В этот момент она заметила Кармелу и воскликнула:
– Тиберио! Кто эта девушка? Зачем ты пригласил сюда эту натурщицу? Ты ведь обещал мне, что, пока не закончишь мое надгробие, не будешь работать ни над чем другим! Это наш уговор. Тогда не делай его. Но я не могу вынести… Я хочу, чтобы это был шедевр, и знаю, что так и будет.
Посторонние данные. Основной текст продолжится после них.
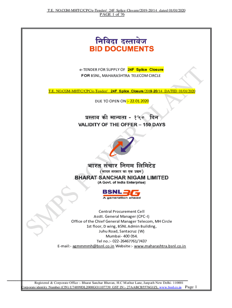 T.E. NO.CGMMHTC/CPC/eTender/ 24F Splice Closure/201920/14 dated 01/01/2020PAGE 1 of 76eTENDER FOR SUPPLY OF 24F Splice Closure FOR BSNL, MAHARASHTRA TELECOM CIRCLE T.E. NO.CGMMHTC/ CPC/eTender/ 24F
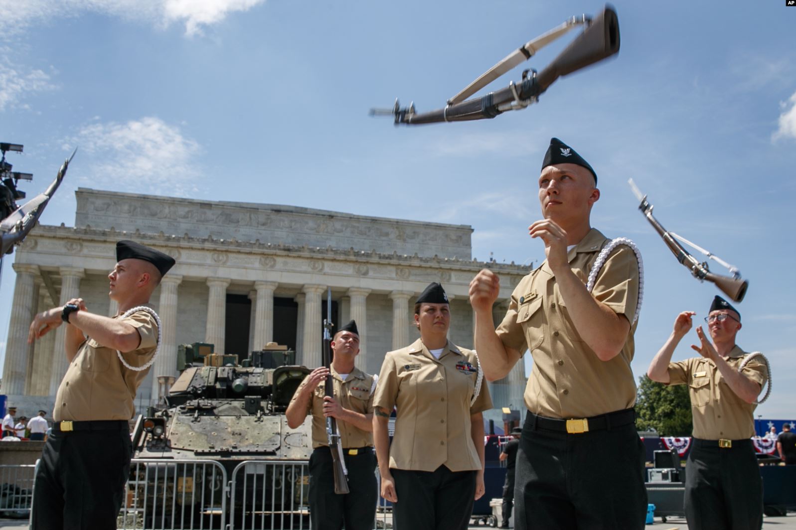 今年,特朗普宣布增加“向美国致敬”(Salute to America)活动,凸显美国军力,并亲自在林肯纪念堂的台阶上发表讲话。
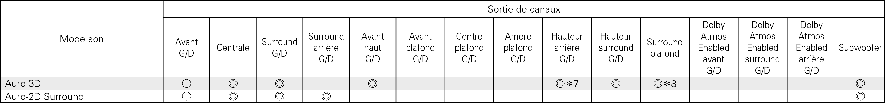 Cet élément peut être sélectionné si un signal Auro-3D est reçu et si le signal d’entrée contient des canaux supérieurs surround.
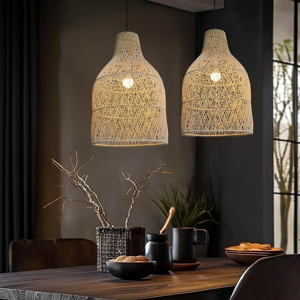 Táto závesná lampa je dokonalou voľbou pre tých, ktorí chcú prepojiť prírodnú krásu s moderným designom. Kombinácia kovovej konštrukcie s jemnými prvkami ratanu a bambusu prináša jedinečný štýl, ktorý oživí každý interiér. Ideálne pre spálne, jedálenské kúty alebo menšie obývacie priestory.
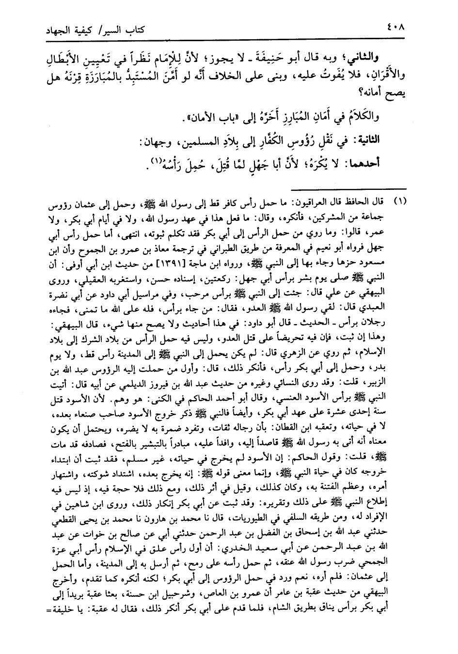 (¬1) قال الحافظ قال العراقيون: ما حمل رأس كافر قط إلى رسول الله -صلى الله عليه وسلم-، وحمل إلى عثمان رؤوس جماعة من المشركين، فأنكره، وقال: ما فعل هذا في عهد رسول الله، ولا في أيام أبي بكر، ولا عمر، قالوا: وما روي من حمل الرأس إلى أبي بكر فقد تكلم ثبوته، انتهى، أما حمل رأس أبي جهل فرواه أبو نعيم في المعرفة من طريق الطبراني في ترجمة معاذ بن عمرو بن الجموح وأن ابن مسعود حزها وجاء بها إلى النبي -صلى الله عليه وسلم-، ورواه ابن ماجة [1391] من حديث ابن أبي أوفى: أن النبي -صلى الله عليه وسلم- صلى يوم بشر برأس أبي جهل: ركعتين، إسناده حسن، واستغربه العقيلي، وروى البيهقي عن علي قال: جئت إلى النبي -صلى الله عليه وسلم- برأس مرحب، وفي مراسيل أبي داود عن أبي نضرة العبدي قال: لقي رسول الله -صلى الله عليه وسلم- العدو، فقال: من جاء برأس، فله على الله ما تمنى، فجاءه رجلان برأس -الحديث- قال أبو داود: في هذا أحاديث ولا يصح منها شيء، قال البيهقي: وهذا إن ثبت، فان فيه تحريضًا على قتل العدو، وليس فيه حمل الرأس من بلاد الشرك إلى بلاد الإِسلام، ثم روي عن الزهريّ قال: لم يكن يحمل إلى النبي -صلى الله عليه وسلم- إلى المدينة رأس قط، ولا يوم بدر، وحمل إلى أبي بكر رأس، فأنكر ذلك، قال: وأول من حملت إليه الرؤوس عبد الله بن الزبير، قلت: وقد روى النسائي وغيره من حديث عبد الله بن فيروز الديلمي عن أبيه قال: أتيت النبي -صلى الله عليه وسلم- برأس الأسود العنسي، وقال أبو أحمد الحاكم في الكنى: هو وهم. لأن الأسود قتل سنة إحدى عشرة على عهد أبي بكر، وأيضاً فالنبي -صلى الله عليه وسلم- ذكر خروج الأسود صاحب صنعاء بعده، لا في حياته، وتعقبه ابن القطان: بأن رجاله ثقات، وتفرد ضمرة به لا يضره، ويحتمل أن يكون معناه أنه أتى به رسول الله -صلى الله عليه وسلم- قاصدًا إليه، وافدًا عليه، مبادرًا بالتبشير بالفتح، فصادفه قد مات -صلى الله عليه وسلم-، قلت: وقول الحاكم: إن الأسود لم يخرج في حياته، غير مسلم، فقد ثبت أن ابتداء خروجه كان في حياة النبي -صلى الله عليه وسلم-، وإنما معنى قوله -صلى الله عليه وسلم-: إنه يخرج بعده، اشتداد شوكته، واشتهار أمره، وعظم الفتنة به، وكان كذلك، وقيل في أثر ذلك، ومع ذلك فلا حجة فيه، إذ ليس فيه إطلاع النبي -صلى الله عليه وسلم- على ذلك وتقريره: وقد ثبت عن أبي بكر إنكار ذلك، وروى ابن شاهين في الإفراد له، ومن طريقه السلفي في الطيوريات، قال نا محمد بن هارون نا محمد بن يحيى القطعي حدثني عبد الله بن إسحاق بن الفضل بن عبد الرحمن حدثني أبي عن صالح بن خوات عن عبد الله بن عبد الرحمن عن أبي سعيد الخدري: أن أول رأس علق في الإِسلام رأس أبي عزة الجمحي ضرب رسول الله عنقه، ثم حمل رأسه على رمح، ثم أرسل به إلى المدينة، وأما الحمل إلى عثمان: فلم أره، نعم ورد في حمل الرؤوس إلى أبي بكر؛ لكنه أنكره كما تقدم، وأخرج البيهقي من حديث عقبة بن عامر أن عمرو بن العاص، وشرحبيل ابن حسنة، بعثا عقبة بريدًا إلى أبي بكر برأس يناق بطريق الشام، فلما قدم على أبي بكر أنكر ذلك، فقال له عقبة: يا خليفة =
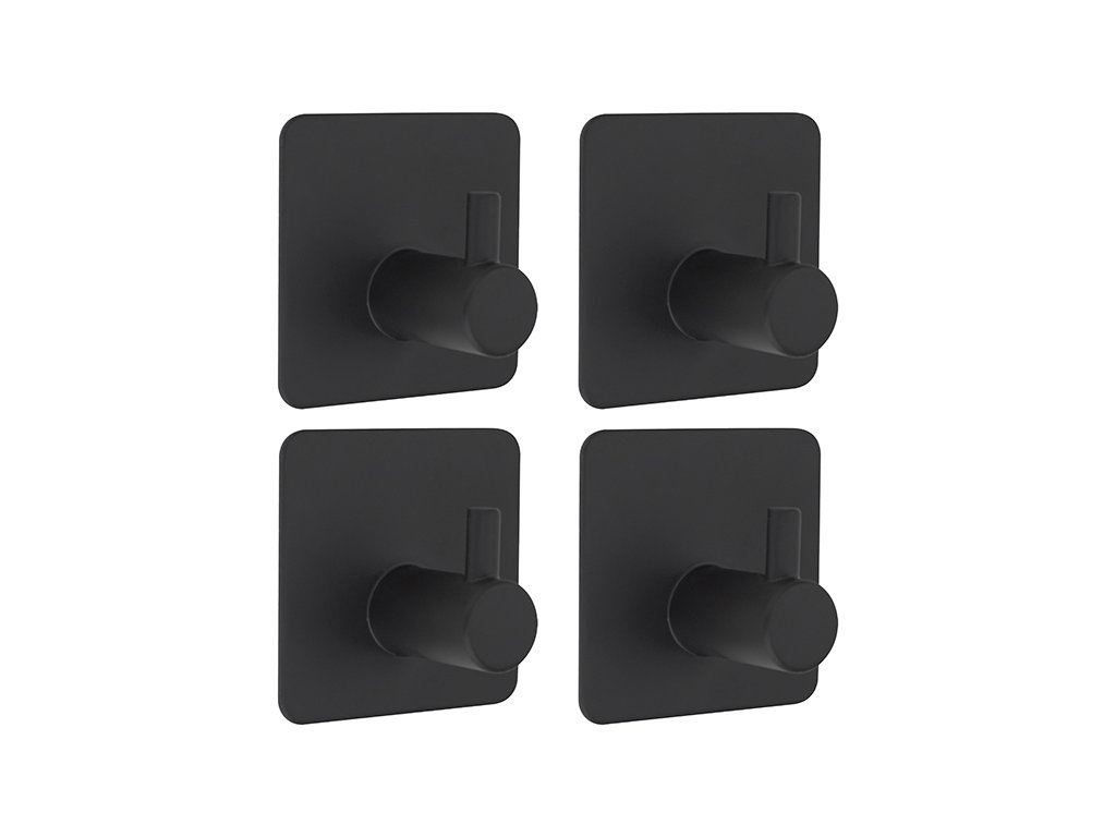 Akészlet 4 db fogast tartalmaz, amelyek tartós fekete alumíniumból készültek. Minden fogas mérete 4,5 x 4,5 cm. Ez lehetővé teszi, hogy ne csak mindennapi tárgyakat - kulcsokat, ruhákat -, hanem kissé nagyobb tárgyakat, például törölközőket - akár 1 kg súlyig - is elhelyezzen. Erős 3M ragasztóval ellátott fogasok
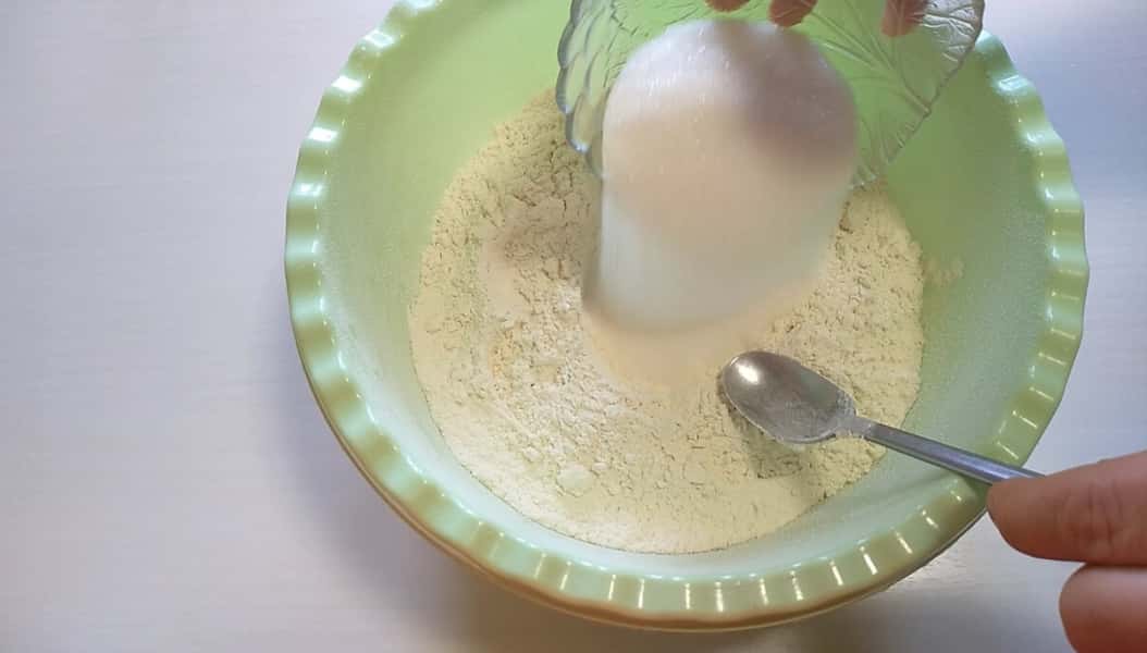 Всипаємо 50 г борошна від загальної кількості.

Если надо, я заплачу тебе за все отложенные заказы. Кстати, настоящий художник по заказу не работает… Ну-ка, девочка, убирайся отсюда! Пошла! Ты здесь никому не нужна.
Говоря это, она довольно резко подталкивала Кармелу к двери. Удивленная девушка посмотрела на Гарани, ожидая его вмешательства. Но молодой человек тайно сделал ей знак подчиниться. Глаза Кармелы наполнились слезами.
– И больше сюда не приходи, это бесполезно! – крикнула Санциани вслед уходившей Кармеле.
Санциани захлопнула дверь и прислонилась к ней спиной.
– Пойми, Тиберио, я – покойница, получившая отсрочку. Когда ты закончишь эту статую, никто больше не коснется моего лица и тела. Ты будешь последним, слышишь, последним. И я выбрала тебя потому, что ты самый великий. Кроме того, я скоро перестану заниматься любовью. Не хочу оставлять ни одному мужчине воспоминаний об одряхлении моего тела.
«Может, мне тоже следует уйти? – подумал Гарани. – Или еще остаться посмотреть, что будет дальше?» И тут же услышал свой собственный голос:
– Сколько же тебе лет?
Голос и это начальное обращение на «ты» прозвучали, как ему показалось, фальшиво и искаженно. «Опасное это дело, – подумал он, – играть в подобные игры с безумцами».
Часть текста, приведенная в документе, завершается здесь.